When I was younger, I loved watching classic movies with my mom. Katherine Hepburn, Bette Davis, Joan Crawford, Vivien Leigh, and Ingrid Bergman were just a few of some of the actresses that I looked up to. I watched movies where they played women defying odds, wearing the pants in a relationship, while leaning on each other for support. They weren’t afraid to make things happen and they showed me the value of determination and courage. They were fearless; they were feisty; they defined the meaning of badass as well as girl power.
Flash forward to 30 something years later and now I’m the mom of a 14 year-old. If life truly imitates art, I want to show her films about women doing amazing things; films made by women, produced by women. I seek out girl power movies that feature women defying the odds, making things happen, offering hope for the future, particularly during this dark era in which we are living.

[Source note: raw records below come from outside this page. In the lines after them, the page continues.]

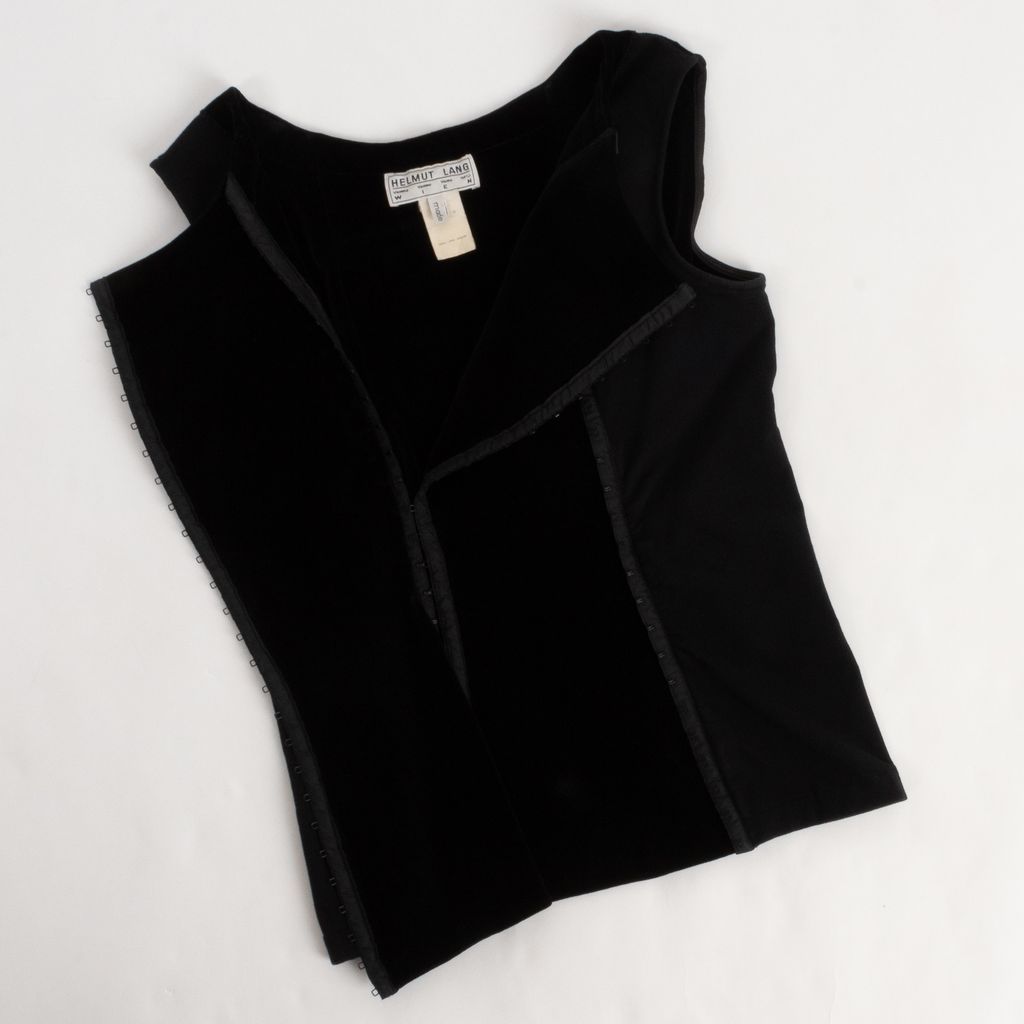This stylized vest from Helmut Lang is giving us major futuristic vibes. Layer over a collared shirt to match the minimalist aesthetic or experiment with a PVC skirt for extremely chic vibes.
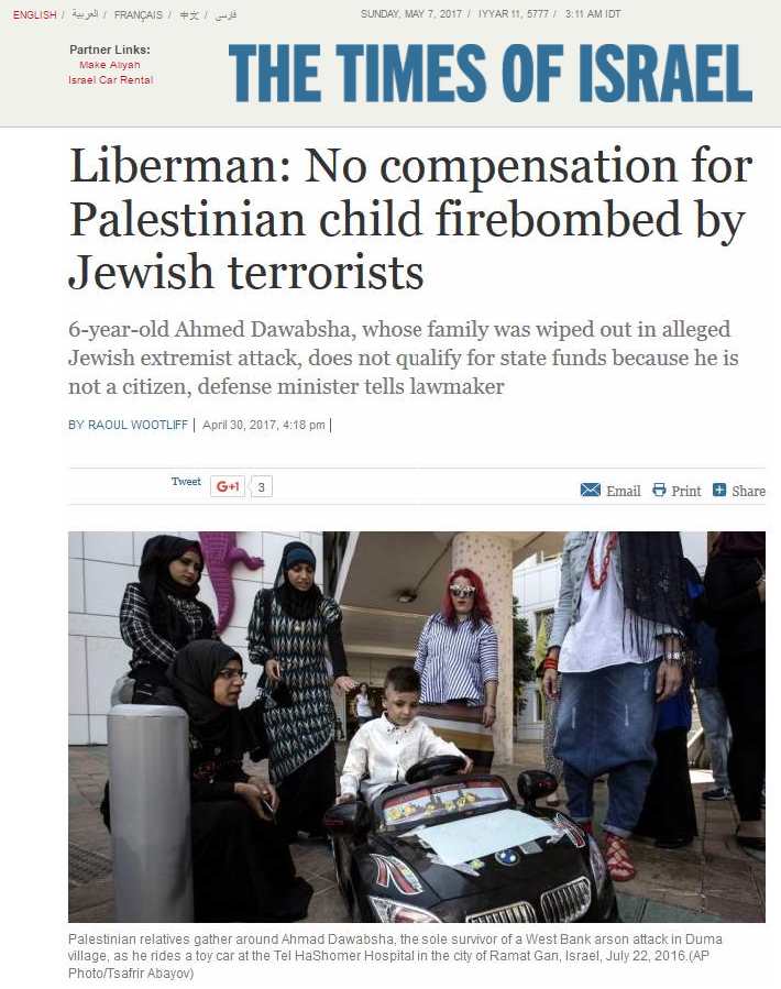 the house of the Dawabsheh family burning alive 18 month Ali Dawabsheh and killing both parents. There was just one survivor, 4 year old Ahmed
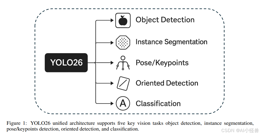 从功能上看,如图1再次强调,YOLO26的五项能力共享统一的主干/颈部和流线型头部:
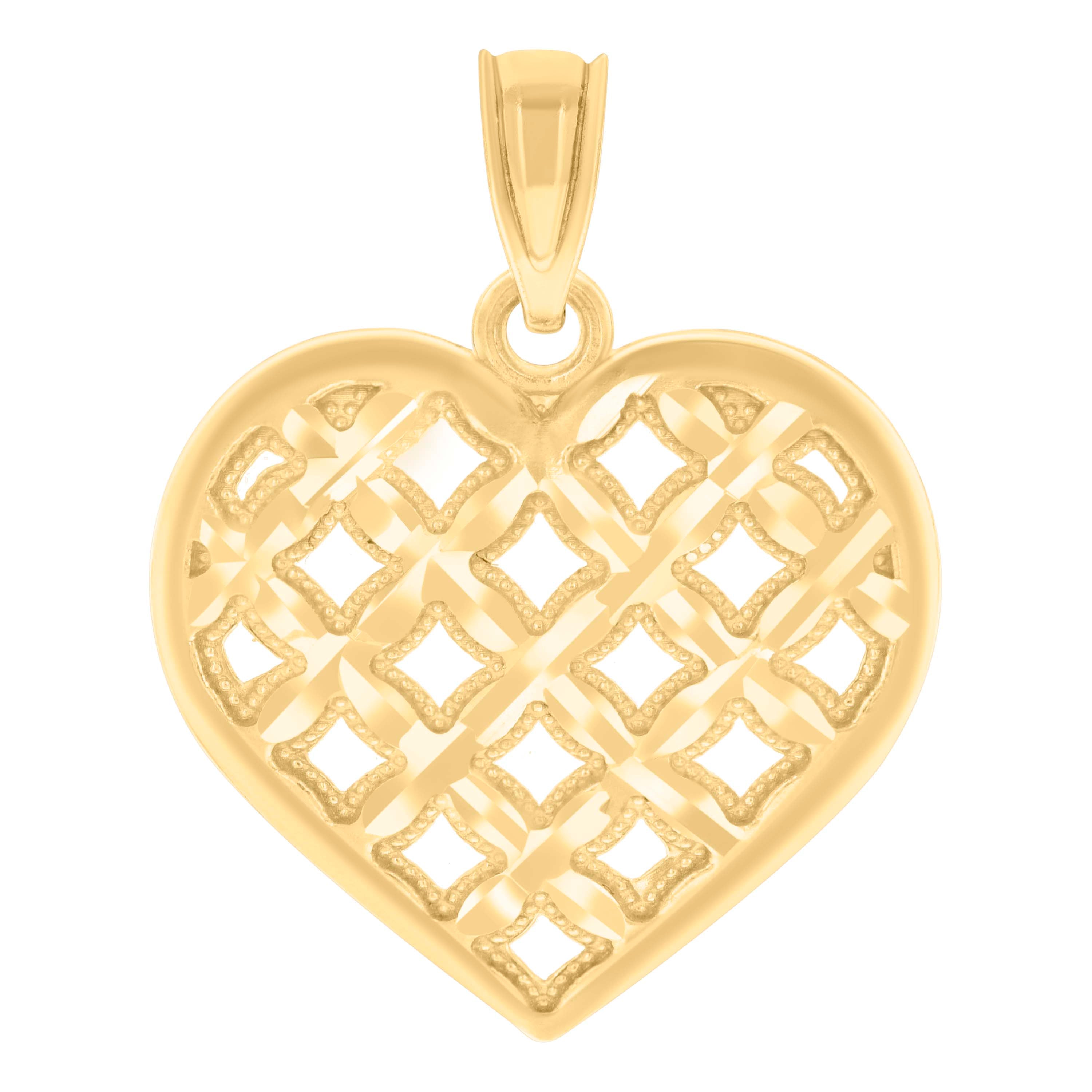 14Kt Yellow Gold Womens Diamond-Cut Heart Ht:21Mm Pendant Charm
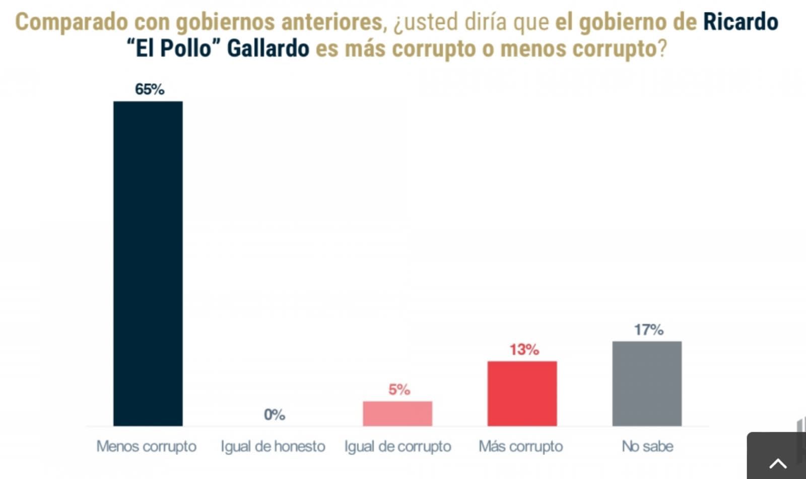 Además, el 65 por ciento de las personas encuestados afirmó que el gobierno de Ricardo Gallardo es menos corrupto que gobiernos anteriores; contra un 13 por ciento que dijo “más corrupto” y a la pregunta si el actual gobierno funciona, 73 por ciento respondió que sí, contra un 15 por ciento que respondió que no.
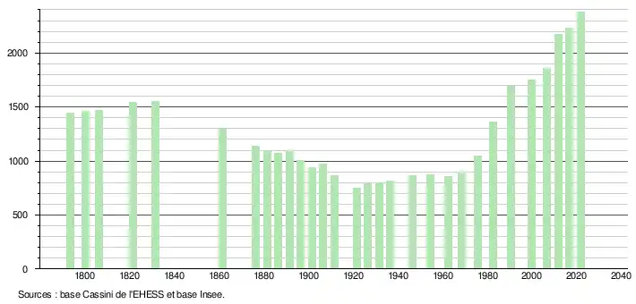 L'évolution du nombre d'habitants est connue à travers les recensements de la population effectués dans la commune depuis 1793. Pour les communes de moins de 10 000 habitants, une enquête de recensement portant sur toute la population est réalisée tous les cinq ans, les populations légales des années intermédiaires étant quant à elles estimées par interpolation ou extrapolation[23]. Pour la commune, le premier recensement exhaustif entrant dans le cadre du nouveau dispositif a été réalisé en 2006[24].
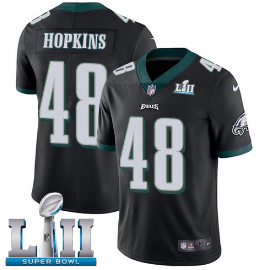 Men's Nike Philadelphia Eagles #48 Wes Hopkins Black Alternate Vapor Untouchable Limited Player Super Bowl LII NFL Jersey
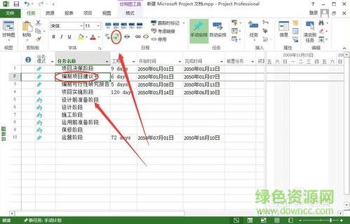 5、有些任務(wù)是某個階段下的子任務(wù),需要要project調(diào)整一下級別,即階級,選擇要階級的任務(wù),如編制項(xiàng)目建議書,然后點(diǎn)擊任務(wù)功能區(qū)中的降級任務(wù)按鈕;
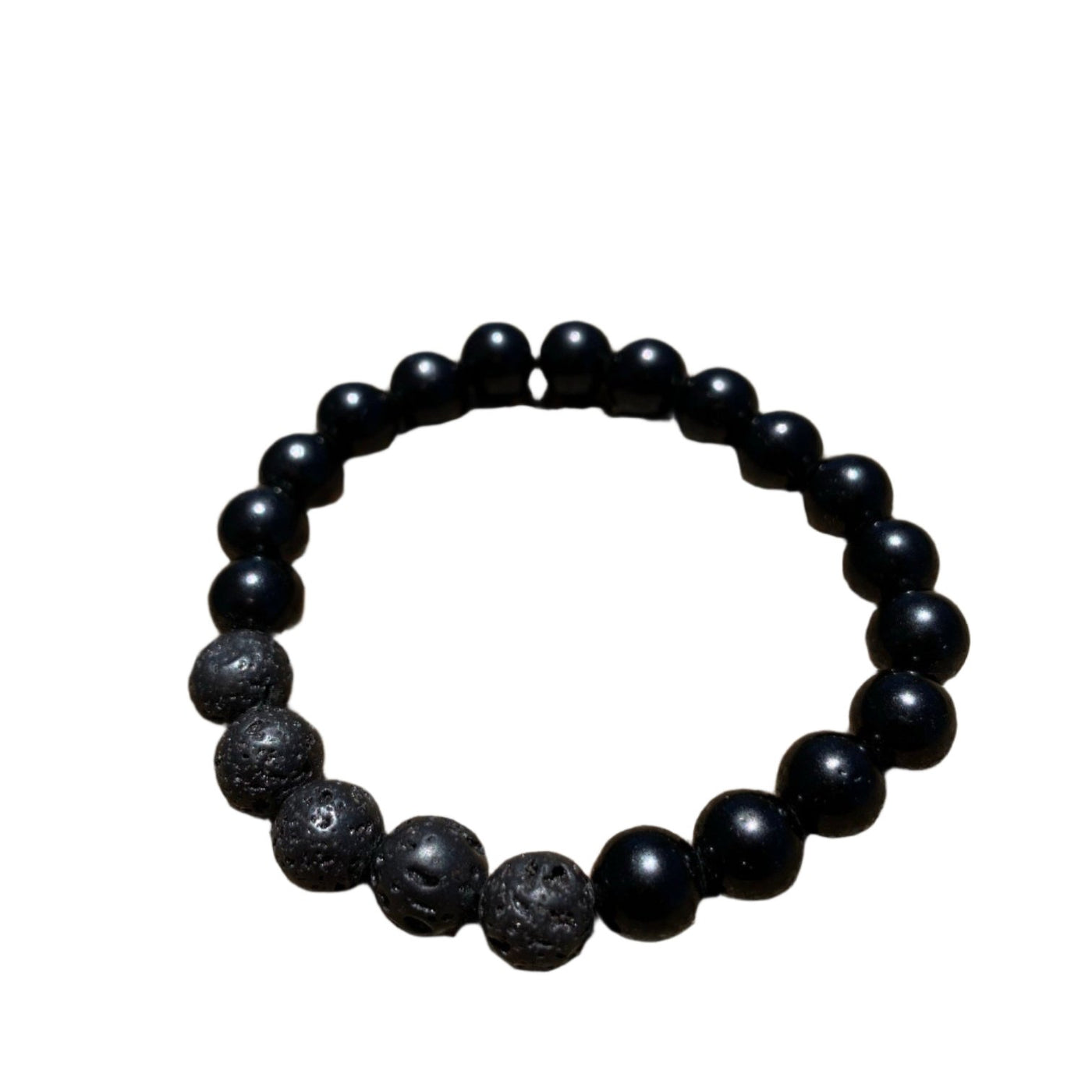 Features an elastic stretch band with lava rock beads and semi-precious blue sodalite gemstones. Each stone is unique and will vary - no guarantee to picture.
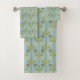Retro Green and Blue Cute Folksy Floral Pattern Bath Towel Set
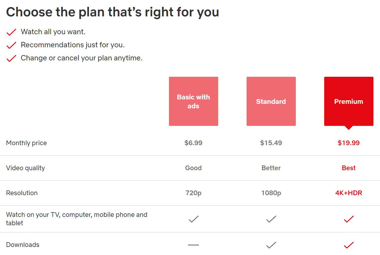 On November 3rd, 2022, Netflix launched an ad-supported plan for $6.99/month on top of its standard and premium plans (see below). During the pandemic, Netflix's subscriber numbers skyrocketed but came back to earth like Falcon 9 when Covid receded.
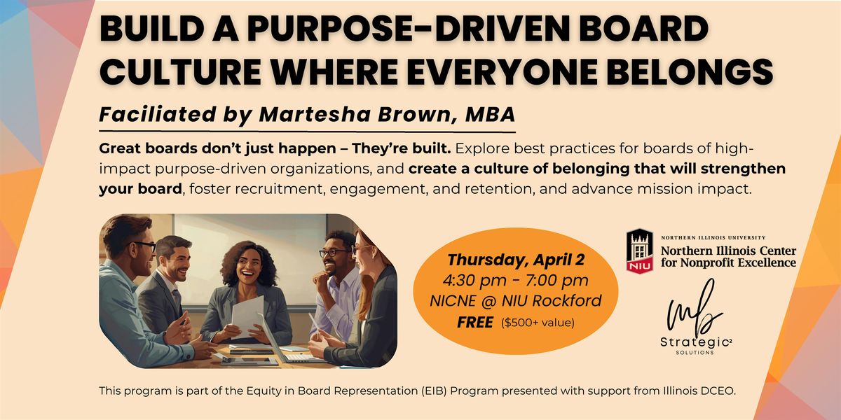 Details: Facilitated by Martesha Brown, MBA, this program is part of a series** to foster equity and belonging in the nonprofit sector by both supporting organizations in strengthening and growing their boards of directors and growing local capacity for board leadership and service.
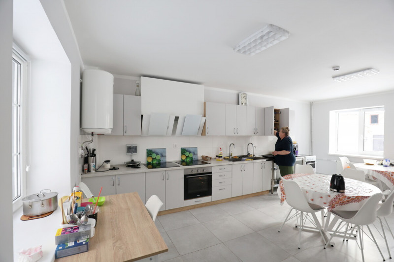"Тут ти відчуваєш себе вдома: просторі кімнати, світло, затишно. В модульному містечку ми прожили 2 роки і 3 місяці, а потім адміністрація запропонувала покращити умови проживання, оскільки я маю особливі потреби у своєму здоров’ї. Мені подобається тут все. Кухня — це взагалі окрема тема, тому що мені це нагадує дім, і про домашній затишок нагадує також те, що ми тут маємо круглі столи — такий круглий стіл в мене був вдома, в моєму великому будинку, який зруйнувала війна", — поділилася Катерина.
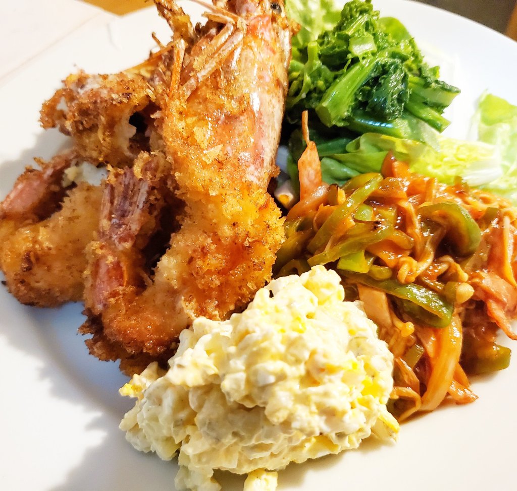 かりっと揚がった衣にプリプリの身が美味しいエビフライができました😋
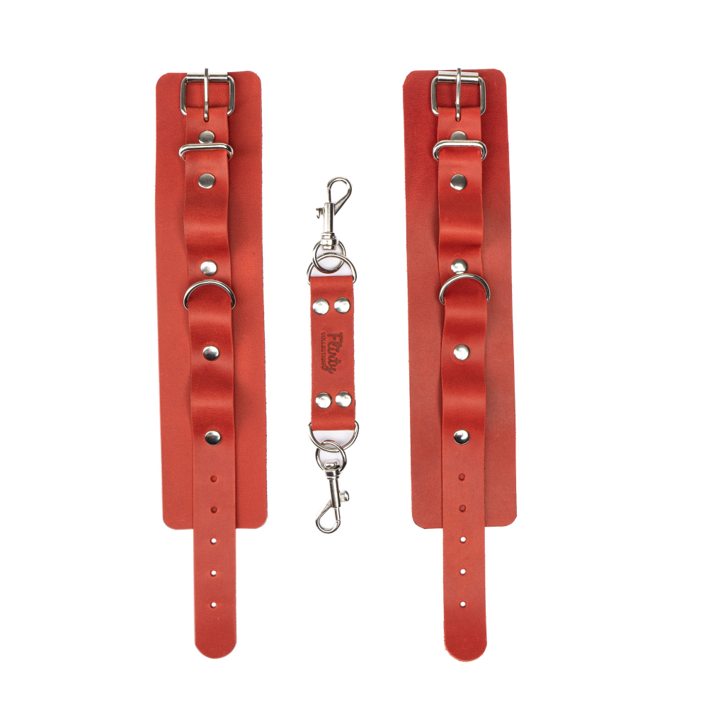 Наручники Flirty виготовлені із якісної, натуральної шкіри. Наручники з'єднуються шкіряним ремінцем на двох карабінах, що легко відстібається, і наручники можна використовувати як браслети. У застебнутому стані щільно прилягають до тіла, а ширина виробів дозволяє використовувати їх без побоювання пошкодити руку або залишити синці. Регулюються в широкому діапазоні, щоб дати можливість затягнути їх тугіше або навпаки трохи послабити. Довжина манжети – 22 см. Ширина манжети – 5 см. Регулюється від 17 см до 23 см.
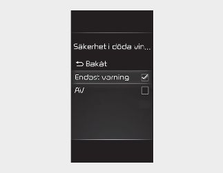 Om du väljer "Av" stängs Kollisionsvarning för döda-vinkeln av.
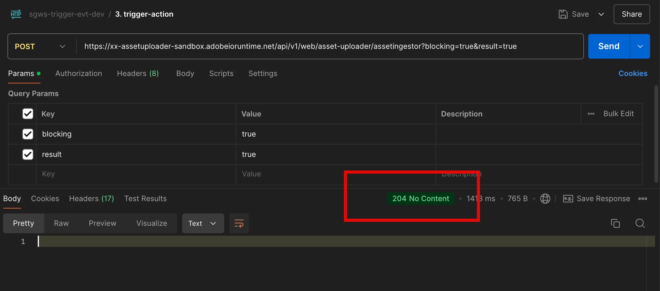 Calling webaction from Postman returns 204 instead of printing response message
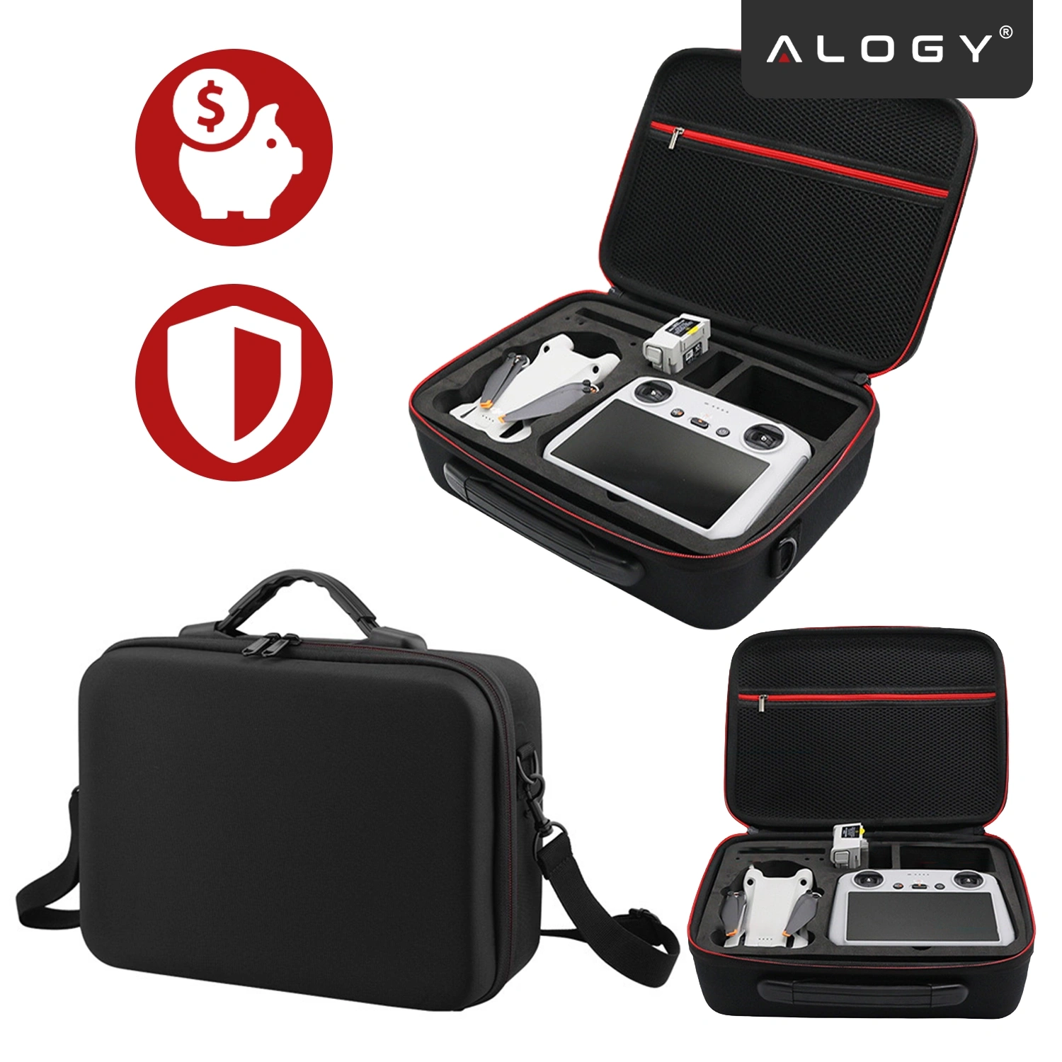 ⭐ Pevné pouzdro Rigid Hard Case od značky Alogy je extrémně pevné a praktické pouzdro určené k bezpečnému uložení a přepravě dronů řady DJI Mini 4 Pro / DJI Mini 3 Pro / Mini 3 a RC/RC-2 a RC-N1/RC-N2. ovladače .
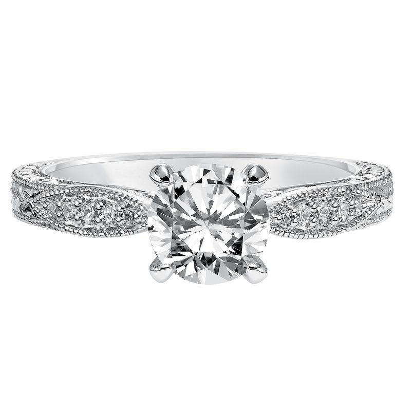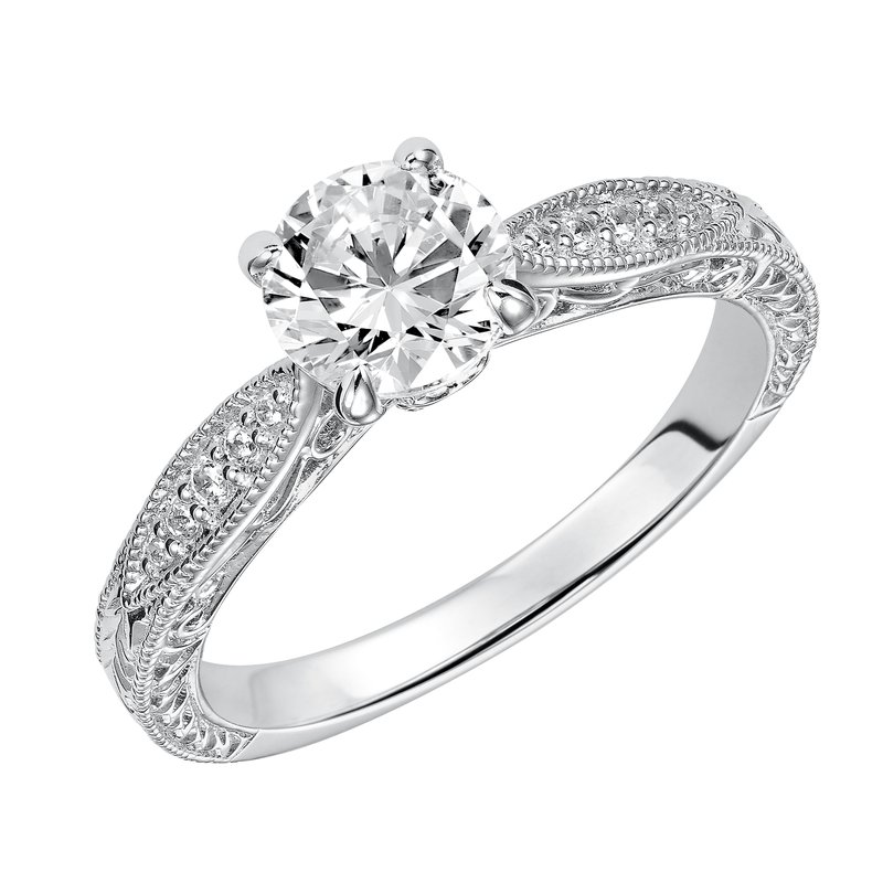 Absolutely exquisite with its intricate design, this round diamond engagement ring features a diamond prong set band with a gorgeous engraved design with milgrain details

When “Hidden Figures” was released a few months ago, I emailed a dozen mom friends and asked if they wanted to take all our girls to the cinema on a weekend afternoon. The movie had girl power written all over it and I thought of nothing better to do. After some back and forth on timing, at least half of the moms I contacted and their teenage daughters piled into the cinema, several of whom knew nothing about the movie before my prompting. I can’t tell you how wonderful it was to watch the 13-14 year-old girls watch a movie about brilliant women who worked for NASA. It taught the girls so many things – that education is important; that careers in STEM are good for women; that if one reaches for the moon, it’s attainable. When we left the theater, the conversation was brimming with positivity and confidence for all the things they were going to do in life.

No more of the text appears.